OR, I could do what I said, not read "good books" and be better prepared for the test.

These tests have common words. It makes absolutely no sense to read anything outside of those words in context to prepare for the GRE.


This is why flash cards are successful.

That is the only way to actually know the definition of the word. Strictly using context can cause you to fall in a trap. There are many words that are primarily used in one context which gives misleading definitions. For example, "belligerent" is often paired with alcohol. As a result, it may appear that "belligerent" has a definition relevant to alcohol or drunkenness when in reality it doesn't.
Frankly, all that this proves is that you have poor reading comprehension


Smiley: dubious

Studying words on flash cards that traditionally appear on a test as opposed to hoping to coincidentally run into them in novels is more like logic than anything else. There's nothing wrong with learning these words through leisure, but this isn't leisure time. It's study time for a specific test with specific words.

Uglysasquatch wrote:
someproteinguy wrote:
Uglysasquatch wrote:
Aripyanfar wrote:
So what's this GRE thing to the foreign uninitiated?
It's a standardized test that is useless in gauging anything other than your ability to take the GRE. However, schools use it as a form of criteria to reduce the number of applications they need to look at when accepting potential graduate students.

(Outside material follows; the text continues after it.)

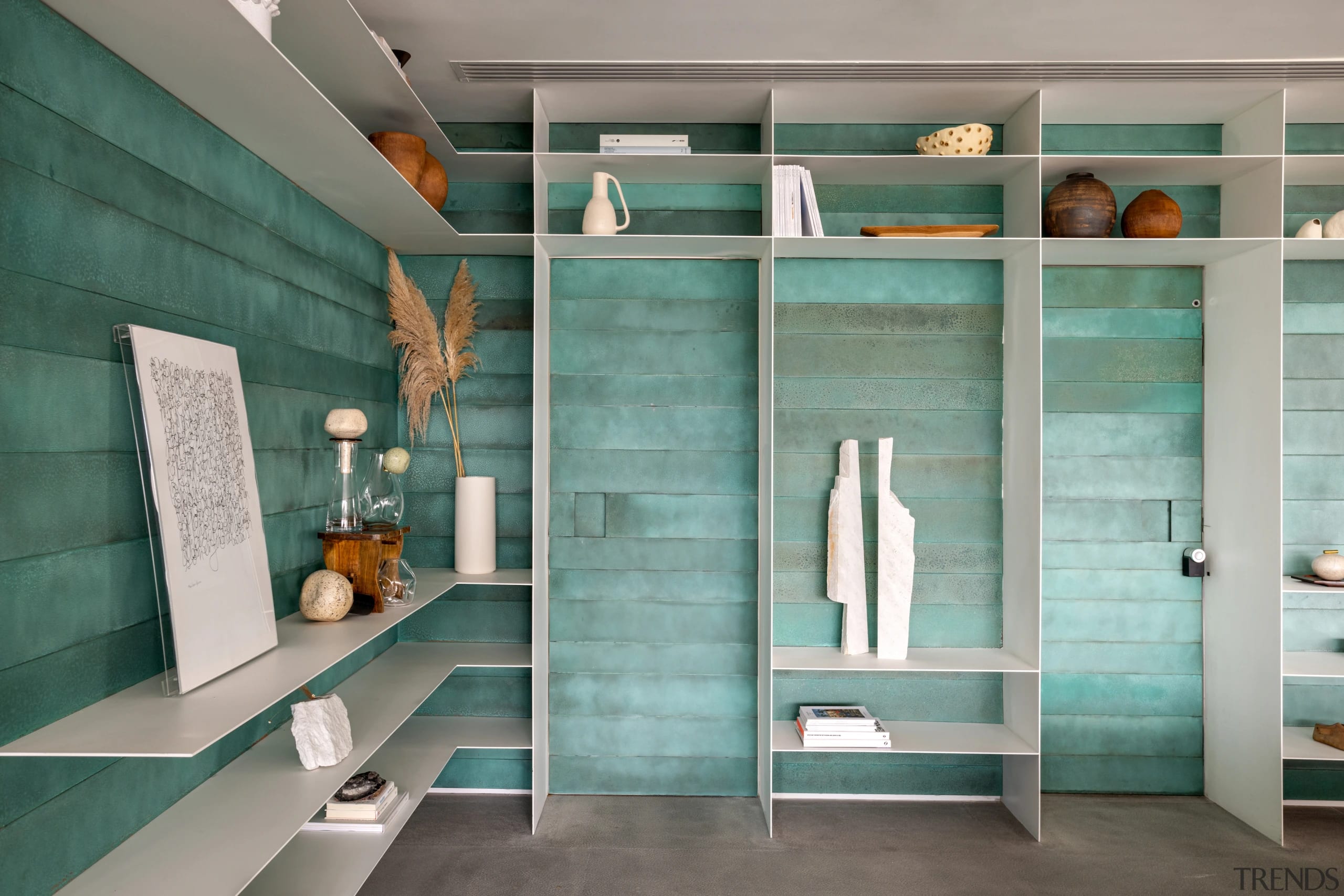 Thin metal plates anchored to the walls and inserted between the copper plates become a bookcase that runs through the social and service area, organising the doors of elevators and toilet, and encompassing the wine cellar and becoming support furniture of the kitchen area.
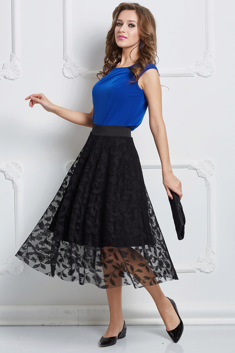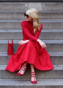 For the skirt length maxi, you must select shoes with heels, preference should be given to classic models. Your silhouette will look visually slimmer. When choosing accessories, you can stay on massive jewelry: a ring with a large stone, necklaces to the belt or long earrings. Handbag clutch on a thin chain add luxury and sophistication.

Very useful when your applicants come in with a 4.0+ from some school you never hear of, then struggle to break 1000 on the test. Smiley: nod
Eh, maybe. It could simply be someone who tests poorly in general, but is exceptional in practice, or just someone who doesn't do well on a standardized test that only scores you against itself.


I'm a poor standardized test taker. I'm trying to make this test the exception. I did decent on the Defense Language Proficiency Test for Spanish without any preparation, so I feel a little bit better about standardized tests.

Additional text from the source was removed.